Тяжело вздохнув, Гришка протянул руку в узкое оконце, ловко – одним неуловимым движением – выхватил из потной ладони Милованова гранату, швырнул её в люк, снабжённый лестницей, по которой поднимался совсем недавно, и без промедления упал на пол – за металлический обшарпанный стеллаж, бывший когда-то полноценным пультом управления судном.

Взрыв!

Глава двенадцатая

Всего лишь – маленький антракт…

Перед закрытыми глазами, старательно изображая из себя всполохи полярного сиянья, безостановочно бежали-прыгали цветные полосы – нежно-сиреневые, светло-жёлтые, ярко-алые и тёмно- синие. В ушах надоедливо и неумолчно звенело, звенело, звенело…

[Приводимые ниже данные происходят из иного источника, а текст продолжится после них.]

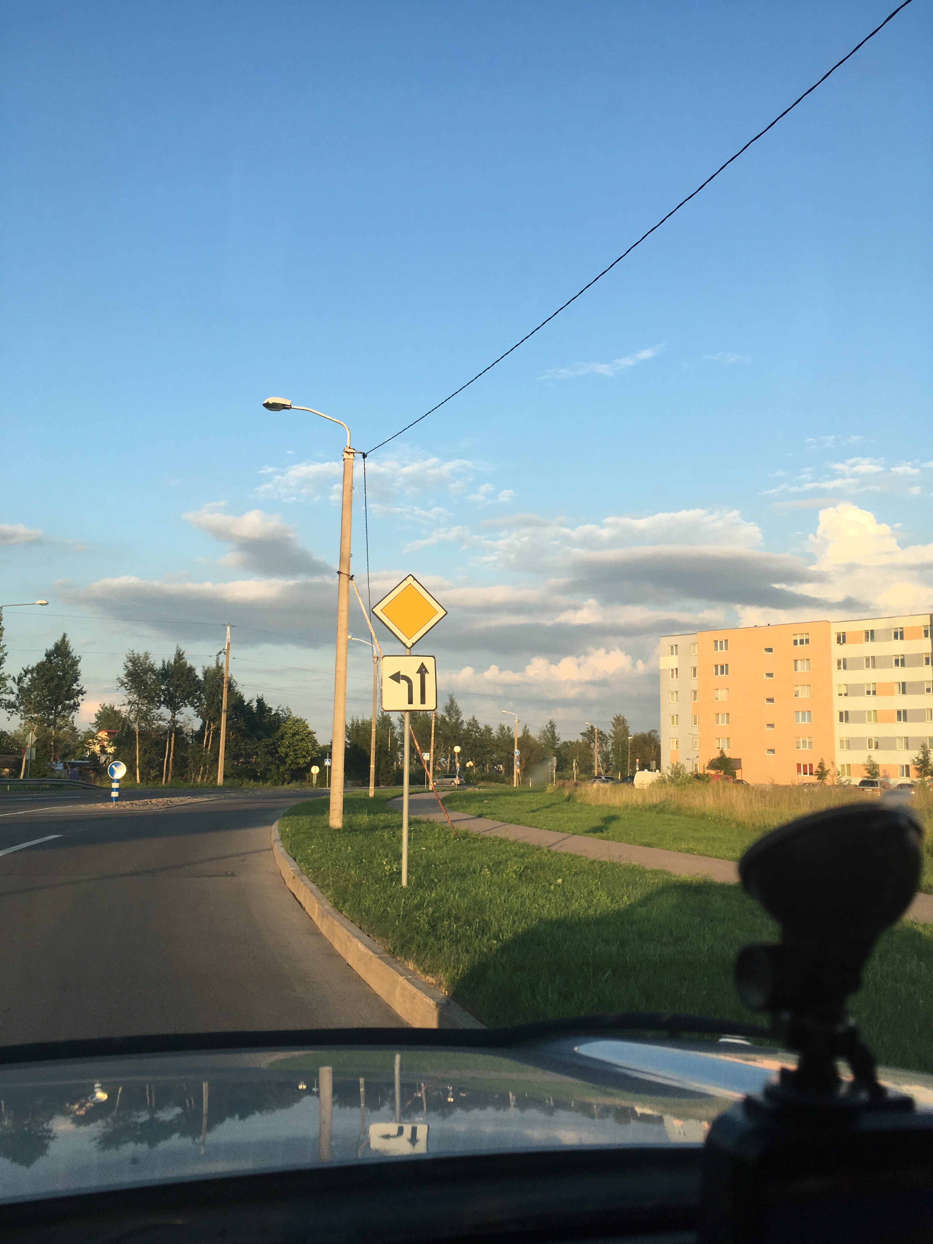 Вот такие знаки стоят на новой объездной дороге, которая ведет на Усть-Нарву, мимо очистных. Каждый день езжу с работы по ул. Пушкина, от первой школы до ул. Раху. Съезжаю с главной направо, на новую дорогу. Стоит знак – главная дорога прямо и поворот направо. И точно такой же знак стоит на встречном направлении от Эспака - главная дорога прямо на ул. Пушкина и поворот налево.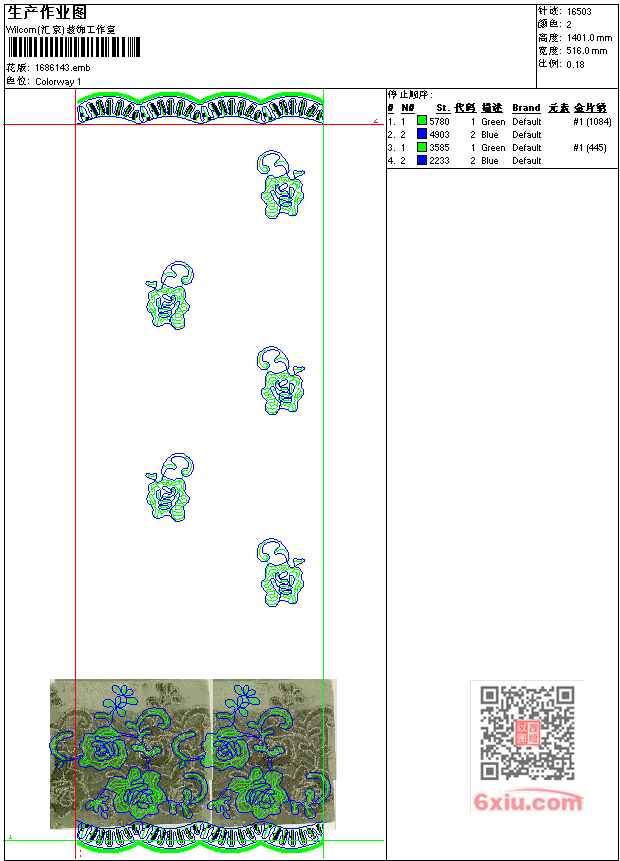 - emb花版参数: 大小:497.50 KB / 尺寸:516*1401[毫米] / 针数:16503针 / 线色:2 / 格式:emb / 版本:7

«Финал спектакля? Трудолюбивые рабочие сцены опускают бархатный занавес? Будем надеяться, что – всего лишь – маленький антракт. То бишь, очередная контузия, не более того. Не смертельно, – неуверенно хихикнул дурашливый внутренний голос. – «По крайней мере, все характерные симптомы-признаки на лицо. Как и тогда, в одной южной и ужасно-беспокойной стране…. Ага, из носа потекла тоненькая тёплая струйка. Лизни-ка, братец! Солоно. Ну, так и есть, контузия, мать его…. Везёт тебе, дружок боевой, на эти стрёмные дела. Смотри, так можно – ненароком – и с катушек слететь. В том плане, что превратиться в законченного слюнявого психа. Раз – контузия, два – контузия, три – сумасшедший дом…».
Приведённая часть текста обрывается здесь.